Bug 1307025

Summary: Open vSwitch service resilience test
Product: Red Hat Enterprise Linux 7 Reporter: Flavio Leitner <fleitner>
Component: openvswitchAssignee: Eelco Chaudron <echaudro>
Status: CLOSED UPSTREAM QA Contact: ovs-qe
Severity: high Docs Contact:
Priority: high    
Version: 7.3CC: aconole, atragler, echaudro, fbaudin, fleitner, nchandek
Target Milestone: rc   
Target Release: ---   
Hardware: x86_64   
OS: Linux   
Whiteboard:
Fixed In Version: Doc Type: If docs needed, set a value
Doc Text:
Story Points: ---
Clone Of: Environment:
Last Closed: 2017-02-28 08:33:59 UTC Type: Bug
Regression: --- Mount Type: ---
Documentation: --- CRM:
Verified Versions: Category: ---
oVirt Team: --- RHEL 7.3 requirements from Atomic Host:
Cloudforms Team: --- Target Upstream Version:
Embargoed:
Bug Depends On: 1335865    
Bug Blocks:    

Description Flavio Leitner 2016-02-12 13:29:49 UTC
Description of problem:

When ovs-vswitchd segfaults for some reason, the monitor thread is responsible for starting it back to get the service online.  However, when the bridge includes a DPDK port, the restart doesn't work.

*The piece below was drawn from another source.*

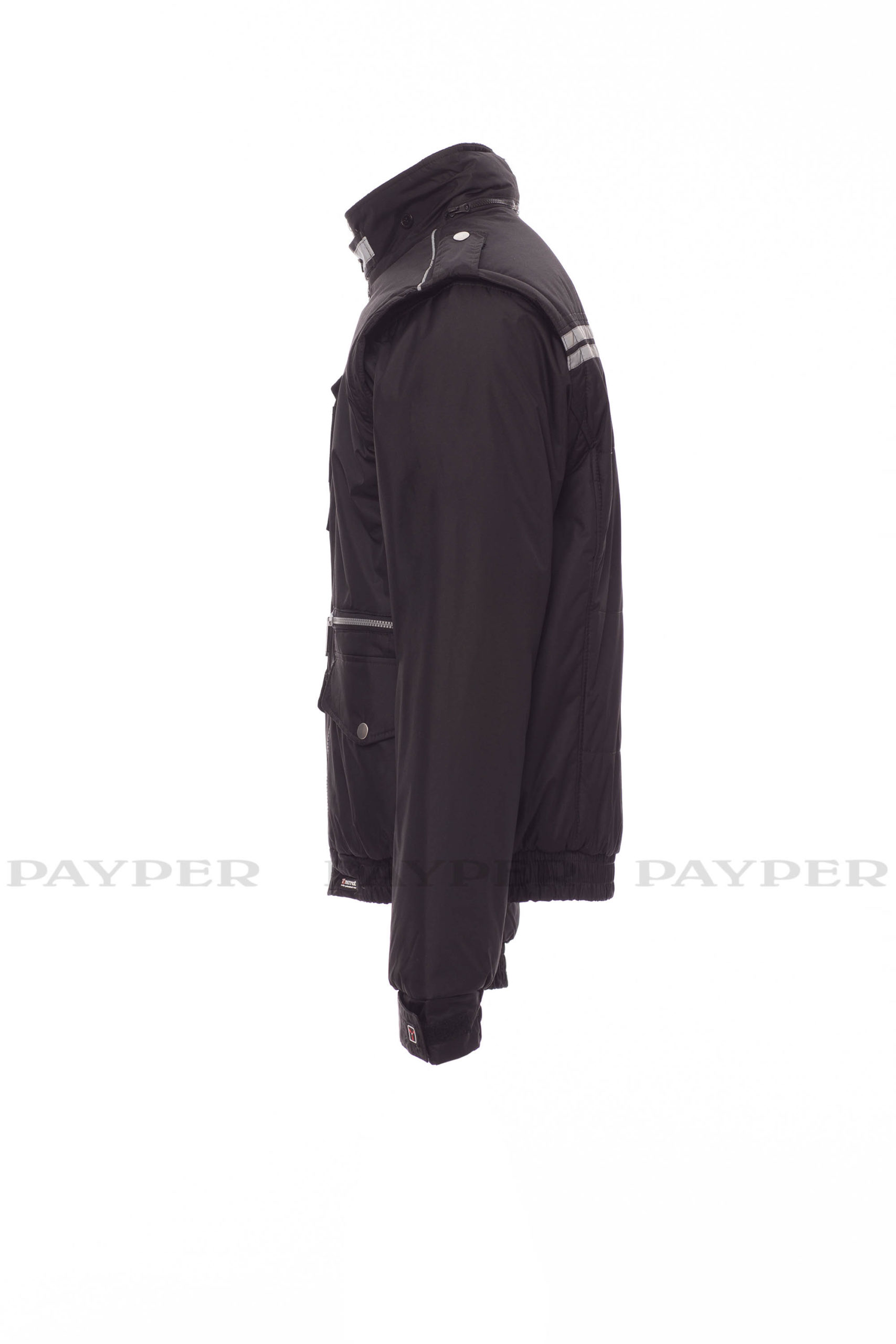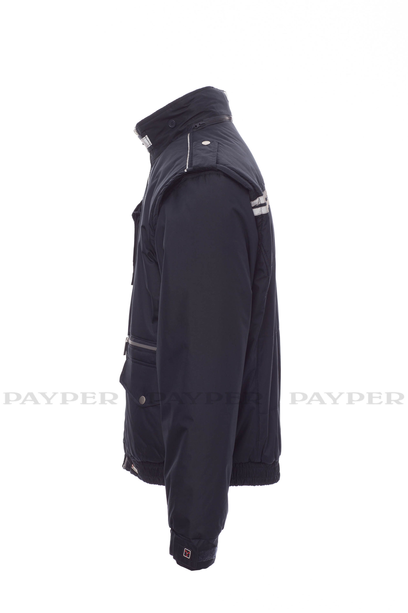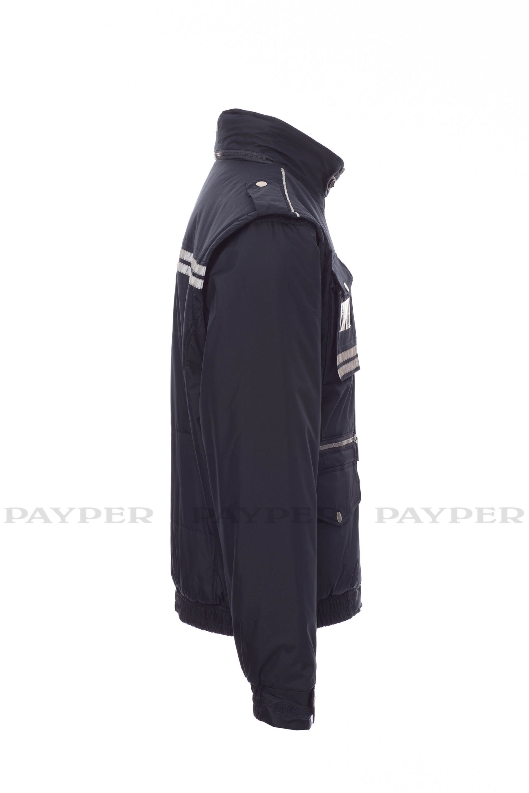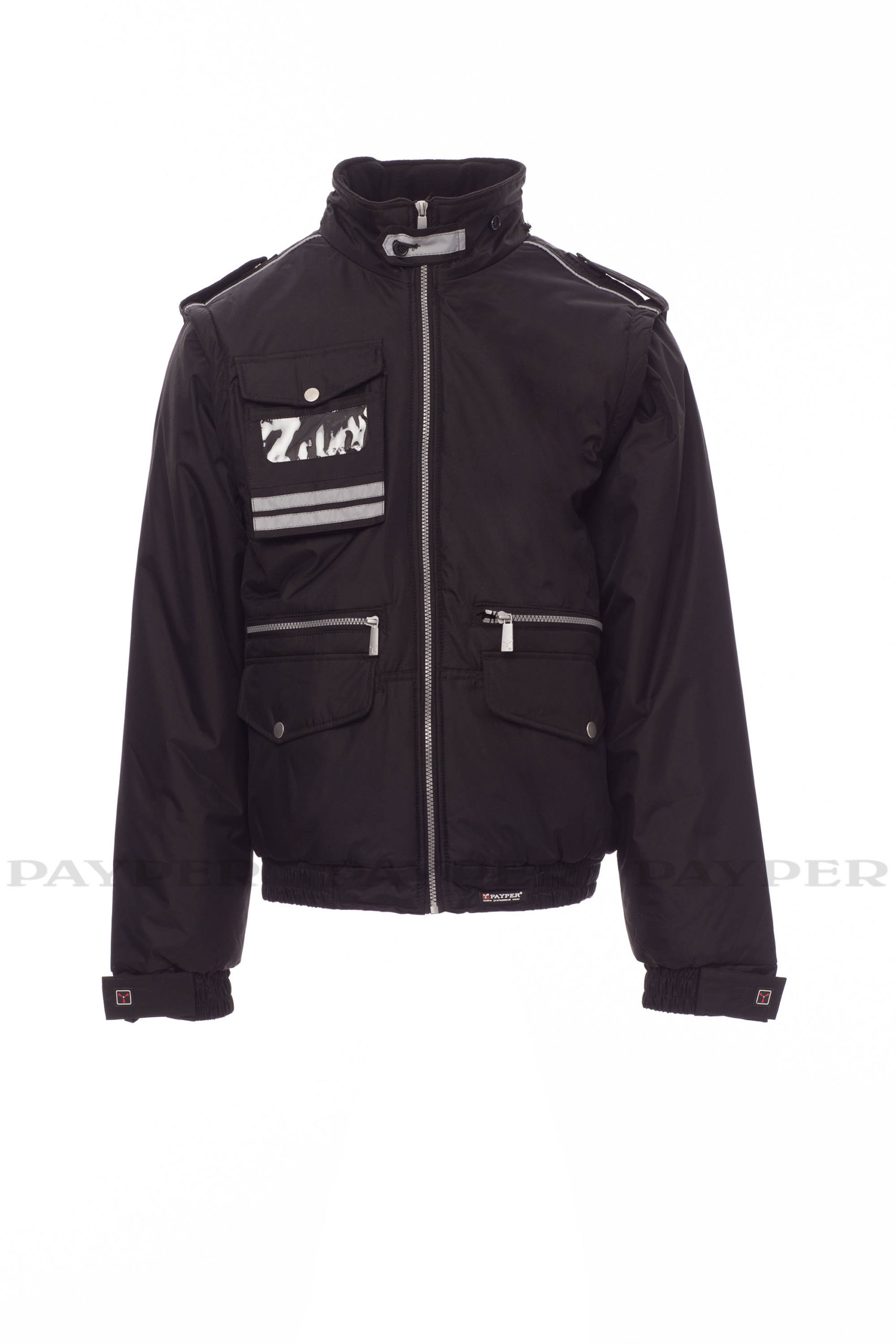 Saloppe Herren-Jacke mit abtrennbaren Ärmeln, schlank geschnitten, Reißverschluss aus Kunststoff mit Metallschieber, im Kragen einrollbarer Kapuze, elastischer Taille, regulierbaren Ärmelbündchen, Schulterklappen und Kragenverschluss, zwei Taschen mit LOCK SYSTEM, zwei Taschen mit Reißverschluss, einem nach innen wendbaren Ausweisfach, Reflex-Paspelierung an den Schultern und doppelten Reflexstreifen auf der Brusttasche und auf dem Rücken. Innenseite: wattiert, silberfarbenes High-Density-Futter, Rückenpartie aus Mikrofleece, Fleecekragen, eine Tasche.

2016-02-12T13:19:20.142Z|00003|daemon_unix(monitor)|ERR|1 crashes: pid 78009 died, killed (Segmentation fault), core dumped, restarting
2016-02-12T13:19:20.172Z|00004|ovs_numa|INFO|Discovered 24 CPU cores on NUMA node 0
2016-02-12T13:19:20.172Z|00005|ovs_numa|INFO|Discovered 1 NUMA nodes and 24 CPU cores
2016-02-12T13:19:20.172Z|00006|memory|INFO|108952 kB peak resident set size after 47.5 seconds
2016-02-12T13:19:20.172Z|00007|reconnect|INFO|unix:/usr/local/var/run/openvswitch/db.sock: connecting...
2016-02-12T13:19:20.172Z|00008|reconnect|INFO|unix:/usr/local/var/run/openvswitch/db.sock: connected
2016-02-12T13:19:20.183Z|00009|ofproto_dpif|INFO|netdev@ovs-netdev: Datapath supports recirculation
2016-02-12T13:19:20.183Z|00010|ofproto_dpif|INFO|netdev@ovs-netdev: MPLS label stack length probed as 3
2016-02-12T13:19:20.183Z|00011|ofproto_dpif|INFO|netdev@ovs-netdev: Datapath supports unique flow ids
2016-02-12T13:19:20.183Z|00012|ofproto_dpif|INFO|netdev@ovs-netdev: Datapath does not support ct_state
2016-02-12T13:19:20.183Z|00013|ofproto_dpif|INFO|netdev@ovs-netdev: Datapath does not support ct_zone
2016-02-12T13:19:20.183Z|00014|ofproto_dpif|INFO|netdev@ovs-netdev: Datapath does not support ct_mark
2016-02-12T13:19:20.183Z|00015|ofproto_dpif|INFO|netdev@ovs-netdev: Datapath does not support ct_label
2016-02-12T13:19:20.189Z|00016|bridge|WARN|could not open network device dpdk1 (Cannot allocate memory)
2016-02-12T13:19:20.189Z|00017|bridge|WARN|could not open network device dpdk0 (Cannot allocate memory)
2016-02-12T13:19:20.200Z|00018|bridge|INFO|bridge ovsbr0: added interface ovsbr0 on port 65534
2016-02-12T13:19:20.201Z|00019|bridge|INFO|bridge ovsbr0: using datapath ID 000006b9d7c27d4f
2016-02-12T13:19:20.201Z|00020|connmgr|INFO|ovsbr0: added service controller "punix:/usr/local/var/run/openvswitch/ovsbr0.mgmt"
2016-02-12T13:19:20.227Z|00021|bridge|WARN|could not open network device dpdk1 (Cannot allocate memory)
2016-02-12T13:19:20.228Z|00022|bridge|WARN|could not open network device dpdk0 (Cannot allocate memory)
2016-02-12T13:19:20.229Z|00023|bridge|INFO|ovs-vswitchd (Open vSwitch) 2.5.0



Version-Release number of selected component (if applicable):
2.5.0


How reproducible:
Always


Steps to Reproduce:
1. do something that causes an OVS thread to segfault
2. watch the monitor thread failing to restart OVS

Expected results:
The monitor thread should be able to restart the service.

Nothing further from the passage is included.